Output all the data exactly as it appears below.

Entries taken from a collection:
━━━━━━━━━━

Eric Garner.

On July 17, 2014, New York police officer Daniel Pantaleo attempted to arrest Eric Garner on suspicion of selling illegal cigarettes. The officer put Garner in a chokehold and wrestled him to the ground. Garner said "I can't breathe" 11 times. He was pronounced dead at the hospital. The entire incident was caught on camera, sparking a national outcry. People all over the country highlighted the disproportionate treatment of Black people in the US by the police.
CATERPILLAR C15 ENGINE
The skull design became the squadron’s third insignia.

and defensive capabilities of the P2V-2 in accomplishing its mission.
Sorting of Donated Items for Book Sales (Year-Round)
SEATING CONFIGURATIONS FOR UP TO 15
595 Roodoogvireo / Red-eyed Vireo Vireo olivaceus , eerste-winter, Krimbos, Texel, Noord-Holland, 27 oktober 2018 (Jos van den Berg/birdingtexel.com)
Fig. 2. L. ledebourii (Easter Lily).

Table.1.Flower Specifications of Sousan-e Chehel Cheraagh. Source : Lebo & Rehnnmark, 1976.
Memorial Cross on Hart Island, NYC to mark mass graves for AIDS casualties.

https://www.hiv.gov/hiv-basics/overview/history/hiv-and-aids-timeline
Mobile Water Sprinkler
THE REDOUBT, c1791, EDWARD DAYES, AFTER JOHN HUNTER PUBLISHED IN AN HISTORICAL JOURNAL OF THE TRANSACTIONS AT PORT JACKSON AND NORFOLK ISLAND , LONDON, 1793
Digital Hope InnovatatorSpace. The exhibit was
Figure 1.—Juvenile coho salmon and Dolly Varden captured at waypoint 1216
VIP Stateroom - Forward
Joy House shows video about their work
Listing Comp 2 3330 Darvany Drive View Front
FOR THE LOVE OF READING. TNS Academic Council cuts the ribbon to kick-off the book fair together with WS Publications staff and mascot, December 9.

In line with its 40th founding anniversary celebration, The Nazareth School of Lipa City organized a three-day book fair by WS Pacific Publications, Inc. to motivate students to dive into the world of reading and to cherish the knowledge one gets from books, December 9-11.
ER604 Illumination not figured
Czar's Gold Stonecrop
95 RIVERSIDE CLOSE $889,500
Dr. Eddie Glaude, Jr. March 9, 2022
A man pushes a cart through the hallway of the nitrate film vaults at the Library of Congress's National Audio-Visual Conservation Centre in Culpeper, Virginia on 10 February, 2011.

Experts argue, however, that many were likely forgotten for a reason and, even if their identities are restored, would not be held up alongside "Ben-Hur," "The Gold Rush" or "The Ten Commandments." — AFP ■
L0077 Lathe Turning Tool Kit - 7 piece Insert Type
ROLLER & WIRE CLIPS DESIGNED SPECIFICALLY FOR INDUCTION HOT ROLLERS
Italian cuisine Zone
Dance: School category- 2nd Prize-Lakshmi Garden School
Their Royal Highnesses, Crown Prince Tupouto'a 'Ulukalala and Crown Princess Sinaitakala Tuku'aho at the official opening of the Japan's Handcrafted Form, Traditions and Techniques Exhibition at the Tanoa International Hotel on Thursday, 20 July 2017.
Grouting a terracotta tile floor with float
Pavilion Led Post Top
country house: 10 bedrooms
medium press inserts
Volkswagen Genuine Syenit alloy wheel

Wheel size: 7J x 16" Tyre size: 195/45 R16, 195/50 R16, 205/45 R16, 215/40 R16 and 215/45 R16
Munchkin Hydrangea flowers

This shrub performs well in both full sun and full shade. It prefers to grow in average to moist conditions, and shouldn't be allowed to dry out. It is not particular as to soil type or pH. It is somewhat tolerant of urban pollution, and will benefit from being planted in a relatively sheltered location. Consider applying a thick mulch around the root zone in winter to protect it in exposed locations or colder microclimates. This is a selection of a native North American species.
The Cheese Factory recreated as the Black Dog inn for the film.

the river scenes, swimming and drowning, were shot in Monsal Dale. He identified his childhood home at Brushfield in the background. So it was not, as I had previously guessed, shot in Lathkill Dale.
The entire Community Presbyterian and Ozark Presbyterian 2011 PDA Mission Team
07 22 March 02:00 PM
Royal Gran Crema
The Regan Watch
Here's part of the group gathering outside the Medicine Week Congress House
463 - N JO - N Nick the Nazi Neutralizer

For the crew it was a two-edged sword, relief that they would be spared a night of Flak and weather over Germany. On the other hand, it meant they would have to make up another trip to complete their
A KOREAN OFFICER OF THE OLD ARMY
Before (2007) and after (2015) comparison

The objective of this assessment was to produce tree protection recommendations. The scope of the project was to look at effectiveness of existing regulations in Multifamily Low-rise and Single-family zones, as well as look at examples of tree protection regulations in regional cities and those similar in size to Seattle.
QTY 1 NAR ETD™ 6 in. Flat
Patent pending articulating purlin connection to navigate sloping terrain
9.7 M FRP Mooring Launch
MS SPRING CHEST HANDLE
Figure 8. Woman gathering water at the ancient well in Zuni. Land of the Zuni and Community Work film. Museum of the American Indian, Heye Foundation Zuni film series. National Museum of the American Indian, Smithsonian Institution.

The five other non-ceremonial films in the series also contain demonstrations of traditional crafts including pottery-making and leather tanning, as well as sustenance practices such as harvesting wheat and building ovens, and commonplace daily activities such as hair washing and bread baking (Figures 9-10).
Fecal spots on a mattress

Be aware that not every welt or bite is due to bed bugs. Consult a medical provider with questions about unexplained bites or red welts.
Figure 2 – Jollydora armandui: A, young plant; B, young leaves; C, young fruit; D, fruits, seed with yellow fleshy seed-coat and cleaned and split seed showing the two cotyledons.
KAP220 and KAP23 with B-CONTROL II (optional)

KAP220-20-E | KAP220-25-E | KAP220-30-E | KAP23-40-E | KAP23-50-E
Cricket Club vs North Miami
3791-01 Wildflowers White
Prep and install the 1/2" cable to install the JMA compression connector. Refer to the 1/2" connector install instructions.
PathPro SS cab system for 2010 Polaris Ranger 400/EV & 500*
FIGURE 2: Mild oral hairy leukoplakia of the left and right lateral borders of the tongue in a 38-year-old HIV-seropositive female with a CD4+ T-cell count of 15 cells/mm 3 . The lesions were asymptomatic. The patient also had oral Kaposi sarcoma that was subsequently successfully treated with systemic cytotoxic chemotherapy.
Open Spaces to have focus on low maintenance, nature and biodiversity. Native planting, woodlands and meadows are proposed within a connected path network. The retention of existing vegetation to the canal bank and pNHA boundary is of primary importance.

━━━━━━━━━━

Result of the exercise:
Eric Garner.

On July 17, 2014, New York police officer Daniel Pantaleo attempted to arrest Eric Garner on suspicion of selling illegal cigarettes. The officer put Garner in a chokehold and wrestled him to the ground. Garner said "I can't breathe" 11 times. He was pronounced dead at the hospital. The entire incident was caught on camera, sparking a national outcry. People all over the country highlighted the disproportionate treatment of Black people in the US by the police.
CATERPILLAR C15 ENGINE
The skull design became the squadron’s third insignia.

and defensive capabilities of the P2V-2 in accomplishing its mission.
Sorting of Donated Items for Book Sales (Year-Round)
SEATING CONFIGURATIONS FOR UP TO 15
595 Roodoogvireo / Red-eyed Vireo Vireo olivaceus , eerste-winter, Krimbos, Texel, Noord-Holland, 27 oktober 2018 (Jos van den Berg/birdingtexel.com)
Fig. 2. L. ledebourii (Easter Lily).

Table.1.Flower Specifications of Sousan-e Chehel Cheraagh. Source : Lebo & Rehnnmark, 1976.
Memorial Cross on Hart Island, NYC to mark mass graves for AIDS casualties.

https://www.hiv.gov/hiv-basics/overview/history/hiv-and-aids-timeline
Mobile Water Sprinkler
THE REDOUBT, c1791, EDWARD DAYES, AFTER JOHN HUNTER PUBLISHED IN AN HISTORICAL JOURNAL OF THE TRANSACTIONS AT PORT JACKSON AND NORFOLK ISLAND , LONDON, 1793
Digital Hope InnovatatorSpace. The exhibit was
Figure 1.—Juvenile coho salmon and Dolly Varden captured at waypoint 1216
VIP Stateroom - Forward
Joy House shows video about their work
Listing Comp 2 3330 Darvany Drive View Front
FOR THE LOVE OF READING. TNS Academic Council cuts the ribbon to kick-off the book fair together with WS Publications staff and mascot, December 9.

In line with its 40th founding anniversary celebration, The Nazareth School of Lipa City organized a three-day book fair by WS Pacific Publications, Inc. to motivate students to dive into the world of reading and to cherish the knowledge one gets from books, December 9-11.
ER604 Illumination not figured
Czar's Gold Stonecrop
95 RIVERSIDE CLOSE $889,500
Dr. Eddie Glaude, Jr. March 9, 2022
A man pushes a cart through the hallway of the nitrate film vaults at the Library of Congress's National Audio-Visual Conservation Centre in Culpeper, Virginia on 10 February, 2011.

Experts argue, however, that many were likely forgotten for a reason and, even if their identities are restored, would not be held up alongside "Ben-Hur," "The Gold Rush" or "The Ten Commandments." — AFP ■
L0077 Lathe Turning Tool Kit - 7 piece Insert Type
ROLLER & WIRE CLIPS DESIGNED SPECIFICALLY FOR INDUCTION HOT ROLLERS
Italian cuisine Zone
Dance: School category- 2nd Prize-Lakshmi Garden School
Their Royal Highnesses, Crown Prince Tupouto'a 'Ulukalala and Crown Princess Sinaitakala Tuku'aho at the official opening of the Japan's Handcrafted Form, Traditions and Techniques Exhibition at the Tanoa International Hotel on Thursday, 20 July 2017.
Grouting a terracotta tile floor with float
Pavilion Led Post Top
country house: 10 bedrooms
medium press inserts
Volkswagen Genuine Syenit alloy wheel

Wheel size: 7J x 16" Tyre size: 195/45 R16, 195/50 R16, 205/45 R16, 215/40 R16 and 215/45 R16
Munchkin Hydrangea flowers

This shrub performs well in both full sun and full shade. It prefers to grow in average to moist conditions, and shouldn't be allowed to dry out. It is not particular as to soil type or pH. It is somewhat tolerant of urban pollution, and will benefit from being planted in a relatively sheltered location. Consider applying a thick mulch around the root zone in winter to protect it in exposed locations or colder microclimates. This is a selection of a native North American species.
The Cheese Factory recreated as the Black Dog inn for the film.

the river scenes, swimming and drowning, were shot in Monsal Dale. He identified his childhood home at Brushfield in the background. So it was not, as I had previously guessed, shot in Lathkill Dale.
The entire Community Presbyterian and Ozark Presbyterian 2011 PDA Mission Team
07 22 March 02:00 PM
Royal Gran Crema
The Regan Watch
Here's part of the group gathering outside the Medicine Week Congress House
463 - N JO - N Nick the Nazi Neutralizer

For the crew it was a two-edged sword, relief that they would be spared a night of Flak and weather over Germany. On the other hand, it meant they would have to make up another trip to complete their
A KOREAN OFFICER OF THE OLD ARMY
Before (2007) and after (2015) comparison

The objective of this assessment was to produce tree protection recommendations. The scope of the project was to look at effectiveness of existing regulations in Multifamily Low-rise and Single-family zones, as well as look at examples of tree protection regulations in regional cities and those similar in size to Seattle.
QTY 1 NAR ETD™ 6 in. Flat
Patent pending articulating purlin connection to navigate sloping terrain
9.7 M FRP Mooring Launch
MS SPRING CHEST HANDLE
Figure 8. Woman gathering water at the ancient well in Zuni. Land of the Zuni and Community Work film. Museum of the American Indian, Heye Foundation Zuni film series. National Museum of the American Indian, Smithsonian Institution.

The five other non-ceremonial films in the series also contain demonstrations of traditional crafts including pottery-making and leather tanning, as well as sustenance practices such as harvesting wheat and building ovens, and commonplace daily activities such as hair washing and bread baking (Figures 9-10).
Fecal spots on a mattress

Be aware that not every welt or bite is due to bed bugs. Consult a medical provider with questions about unexplained bites or red welts.
Figure 2 – Jollydora armandui: A, young plant; B, young leaves; C, young fruit; D, fruits, seed with yellow fleshy seed-coat and cleaned and split seed showing the two cotyledons.
KAP220 and KAP23 with B-CONTROL II (optional)

KAP220-20-E | KAP220-25-E | KAP220-30-E | KAP23-40-E | KAP23-50-E
Cricket Club vs North Miami
3791-01 Wildflowers White
Prep and install the 1/2" cable to install the JMA compression connector. Refer to the 1/2" connector install instructions.
PathPro SS cab system for 2010 Polaris Ranger 400/EV & 500*
FIGURE 2: Mild oral hairy leukoplakia of the left and right lateral borders of the tongue in a 38-year-old HIV-seropositive female with a CD4+ T-cell count of 15 cells/mm 3 . The lesions were asymptomatic. The patient also had oral Kaposi sarcoma that was subsequently successfully treated with systemic cytotoxic chemotherapy.
Open Spaces to have focus on low maintenance, nature and biodiversity. Native planting, woodlands and meadows are proposed within a connected path network. The retention of existing vegetation to the canal bank and pNHA boundary is of primary importance.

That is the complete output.